Running a school is the most challenging and most fulfilling job in education. As the global pandemic hit, “challenging” didn’t even begin to describe what school leaders faced. For charter school leaders in the midst of their renewal decision, it seems even more daunting.
I know because that was my story.
In March 2020, the elementary school that I led in Brooklyn, New York was on academic probation with the state and up for its charter school renewal with our authorizer. We were getting ready for the state assessments that could show how we had progressed and served students well. Then, everything changed. We had to shutter our doors and transition to virtual school.
My energy turned to providing laptops to students, helping staff and students learn Google Classroom, and ensuring that our families had access to food. It was a chaotic time and we still had to go through all the comes with the renewal process.
Without the academic assessment data that is often at the heart of renewal decisions, I knew we had to show what our school was about and share the “so what?” of our choices.

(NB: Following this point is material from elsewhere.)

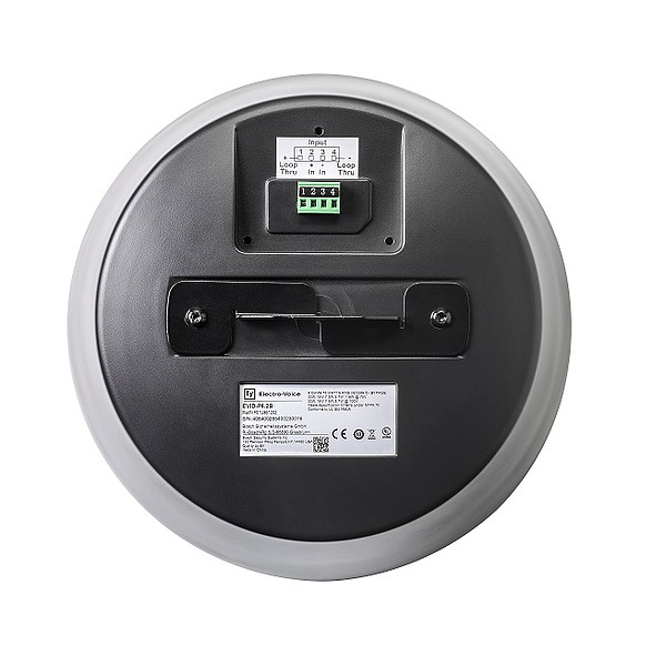 The Electro-Voice EVID P6.2 loudspeaker system is a complete two way pendant loudspeaker. The package consists of a bezel assembly, magnetic grille, rear enclosure, 6.5-inch coax two way loudspeaker and internal line matching transformer. The loudspeaker features a titanium dome tweeter.

For my school, delivering laptops to all students and ensuring our families had access to food wasn’t the end goal of navigating the pandemic. The laptop distribution led to 90 percent student attendance throughout the pandemic. It ensured that our students with IEPs could access counseling supports. We could close the technology gap and still ensure student learning. Food distribution ensured that students were fed and families did not have added insecurity when their lives were already in upheaval.
Despite the very real chaos of the pandemic, we took renewal as an opportunity to build our narrative. Other school leaders should too.
As school leaders, we know that the outcome of assessments are one measure of student learning. They are also a measure of teacher effectiveness, strong operations in a school, how a school leader oriented her budget, how she reallocated staff both inside and outside of the classroom, and so much more.
As you approach renewal as a school leader, you must add this context to your assessment scores. It’s time to see building a school’s narrative as an opportunity to show the deliberateness of your choices. The test score is important, but you can also share the full learning environment. Authorizers want to see that, but it’s your job to provide it.
The good news is that my school earned its renewal in March 2021. The renewal process, while not easy, gave us the opportunity to tell our story of how we created a strong learning environment for children while they were home. I hope more school leaders will do the same.
Guerschmide Saint-Ange served as executive director of La Cima Elementary Charter School for three years, where she led the school through the global pandemic. She previously served as an authorizer with the New York City Department of Education. She is a co-author of NACSA’s 2021 NACSA Supplemental Renewal Guidance.